«BABY, IT'S COLD OUTSIDE - Holly Cole» la recensione di Rockol

Holly Cole - BABY, IT'S COLD OUTSIDE - la recensione

Recensione del 19 dic 2001

La recensione

I fans di Holly Cole in Italia sono pochi, ma ben piazzati: trattasi in buona parte di giornalisti, critici e addetti ai lavori. Questo garantisce alla Cole una discreta esposizione, come è giusto che sia per un’interprete del suo rango. In molti l’hanno conosciuta per un album di cover particolare, un tributo a Tom Waits intitolato “Temptation” e risalente ormai a sei anni fa. Fino ad allora la Cole aveva macinato dischi soprattutto in Canada, paese natale in cui aveva mosso i suoi primi passi dirigendosi verso un jazz stemperato via via con progressive sfumature pop. L’album di studio “Dark dear heart”, prodotto da Larry Klein - già signor Joni Mitchell - e il successivo “Romantically helpless” avevano costituito i due successivi tasselli della sua carriera discografica, stampati e recensiti positivamente anche in Italia.

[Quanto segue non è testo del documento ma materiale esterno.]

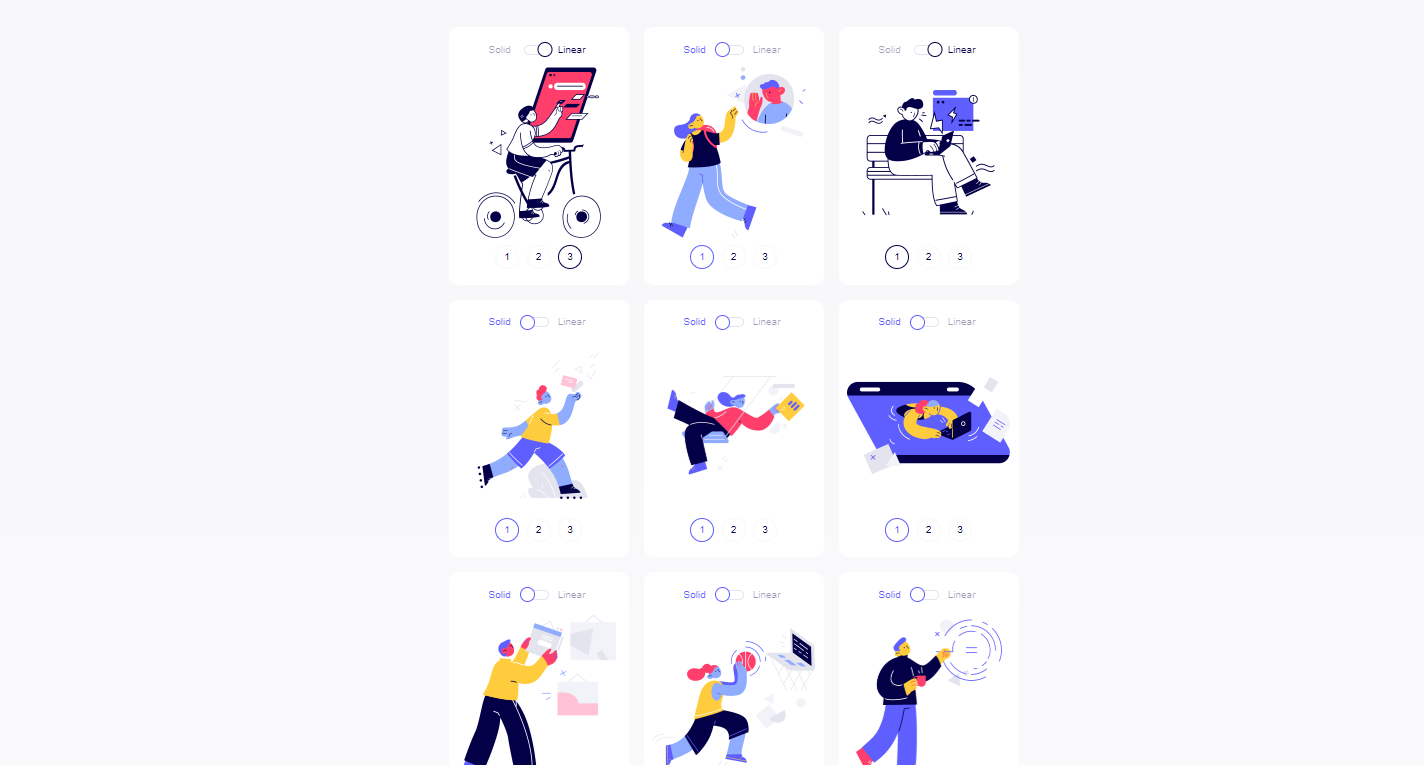 ফ্রি ভার্সনে আপনি.Png ফরমেটে ১০৮ টি Illustration ২ স্টাইলে ডাউনলোড করতে পারবেন। নিচে আপনি প্রিমিয়াম প্যাকেজ গুলো দেখতে পাচ্ছেন। ফ্রিতে ডাউনলোড করতে চাইলে, Download for free তে ক্লিক করুন।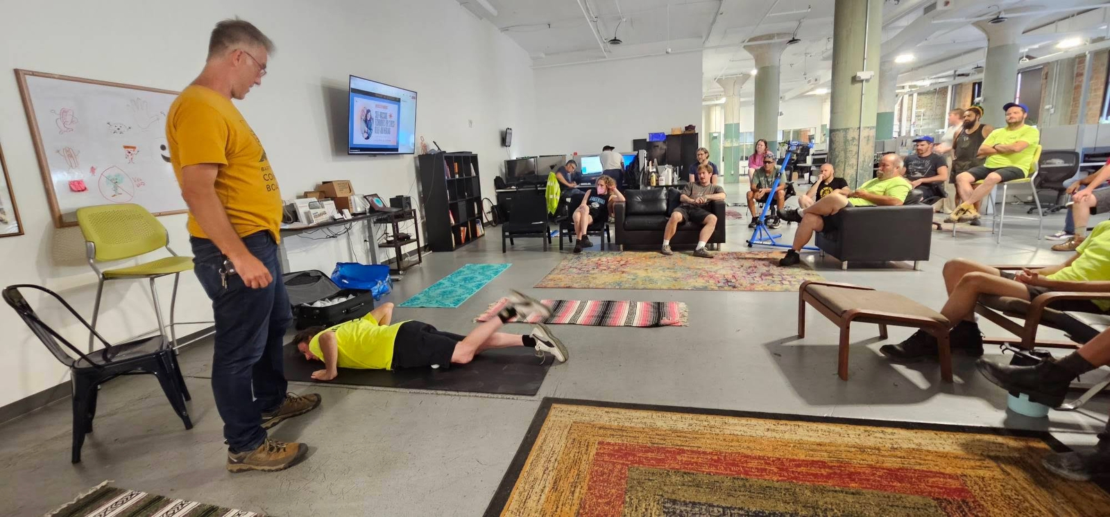 The self-massage workshop built on one I’d already done for the folks who run the Indego bikeshare system. It turns out that both their mechanics and administrators have a lot of aches and pains (from repetitive physically intense work and repetitive desk-sitting, respectively).

Ma Holly Cole, almeno a giudicare da quanto racconta il suo sito, sembra godere di un notevole seguito all’estero, seguito cui è indirizzato questo album di canzoni natalizie che ha goduto, proprio su www.hollycole.com, di un’esposizione importante: un referendum tra i fans per individuare quali sarebbero state le canzoni di Natale più gradite. In realtà, come svela il sito stesso, l’album di Natale era stato registrato prima del referendum, ma ciò non toglie nulla al valore di questa bella raccolta di temi riarrangiati nel classico stile Cole, ossia a base di un jazz che concede poco al virtuosismo e molto al calore dell’interpretazione. In questo senso Holly Cole vince la sua scommessa ancora una volta, rendendo questo disco a tema un disco totalmente suo, fatto d’interpretazioni che, se non fosse per i titoli e i testi, sembrerebbero soltanto casualmente prestate alla cornice di album natalizio. Confezione simpaticamente pacchiana, ottima la scelta del materiale - un capolavoro assoluto come “If we make it through Christmas” accanto a uno splendido classico come “The Christmas song” -, perfetti gli arrangiamenti e totalmente a suo agio nel confronto con una grande orchestra la voce e l’interpretazione di Holly Cole, che non a caso è arrivata, con questo, al suo nono album. Nato dalla costola di un precedente progetto, l’EP “Christmas blues”, “Baby, it’s cold outside” regola i conti in sospeso tra Holly Cole e l’inevitabile scoglio dell’album di Natale, e lo fa con la consueta classe e con una dimestichezza sorprendente. Chissà se questa volta se ne accorgerà qualcuno oltre ai soliti addetti ai lavori.